Shirley was let go from her job as a receptionist in a dental office and removed from being a volunteer storyteller at a local library. She finally found a job as a dishwasher in a small Mexican restaurant, and was grateful for it.
Then one day, about a year after Clyde’s imprisonment, Shirley got a phone call that changed their world.
* * *
It was the first week of February and Shirley’s day off. She was doing laundry when her phone rang. She recognized the area code, and without looking at the number, just assumed it was her mother, Helen, calling from Kentucky.
“Hello.”
“Hi, Shirley. This is your Aunt Annie.”
Shirley was a little surprised, but pleased to hear from Annie. She was one of her deceased father’s sisters, and she adored her.
“Hi, Auntie! It’s good to hear your voice.”
“Well, sugar, I’m not calling with good news,” Annie said. “I’m so sorry to have to tell you, but your mother passed away in her sleep last night.”
Shock rolled through Shirley in waves.
“No!
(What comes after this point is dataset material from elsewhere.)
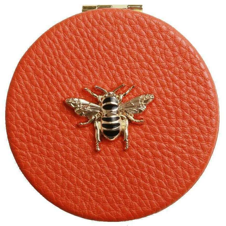 En utilisant un faux cuir à 100% végétalien, ce miroir compact rond d'Alice Wheeler London est parfait pour les femmes et un must. Il mesure 7 cm (hauteur) x 7 cm (largeur). Il est recommandé de s'essuyer avec un tissu humide pour garder ce compact en bon état. Tous les compacts sont complets dans Alice Wheeler London Packaging. Le miroir compact Round Alice Wheeler London - Orange est l'accessoire parfait qui est essentiel à emporter avec vous dans votre sac à main. L'embellissement d'abeille magnifiquement emblématique orne l'avant. À l'intérieur se trouve un miroir d'agrandissement 7x avec un cadre métallique à deux tons dorés qui est idéal pour ces retouches quotidiennes.

Oh my God, no! I just spoke to her day before yesterday. She was in good spirits and said she was feeling fine.” She started crying. “Mom was my touchstone to sanity.”
“I know. I’m so sorry, Shirley,” Annie said.
Shirley was sobbing now, struggling to catch her breath. “Why didn’t Mom let me know she was failing?”
“She wasn’t. Not in the way you mean. Helen never looked at life like that. She just got old, and she was ready to go,” Annie said.
Shirley moaned. “But I could have been there to help.”
Annie hesitated before answering. “Honestly, I think Helen knew you already had more on your plate than you could say grace over. This was how she wanted it, and you have to honor that.”
“I feel like someone just cut the rope to my anchor,” Shirley said, then wiped her eyes and blew her nose. “So, what do I need to know? What do I need to do? I can’t be there before tomorrow at the earliest.”
“No, no. No need to hurry here at all,” Annie said. “Helen always said she didn’t want to waste money on some big funeral, and she didn’t want people looking at her in a coffin. She wrote it all down years ago and showed me where her papers were kept. She will be cremated, and her ashes will be saved for you. She always said when you come home to claim your heritage, she wants you to sprinkle them where the mountain laurel grows. She said you’d know the place.”
Shirley hadn’t thought past the shock of the loss until she heard the words, come home to claim your heritage. Her brother and only sibling had died in a car accident some years back, and knowing she was the sole heir to the land and the home in which she’d been raised, felt like one last hug from her mother.
“Yes. Yes, I know right where she means,” Shirley said. “Thank you for calling, Aunt Annie. I am so sad right now, but the thought of going home to Pope Mountain feels like a godsend.”
“I know,” Annie said. “We all know what’s been happening to you and your boys, and we’re so sorry for your suffering. Come home, darlin’. We love you. You’ll be safe here. This is where you’ll heal.”
“Yes, yes…I will. It will take a while, but I’ll let you know. Thank you for calling. I love you, too.”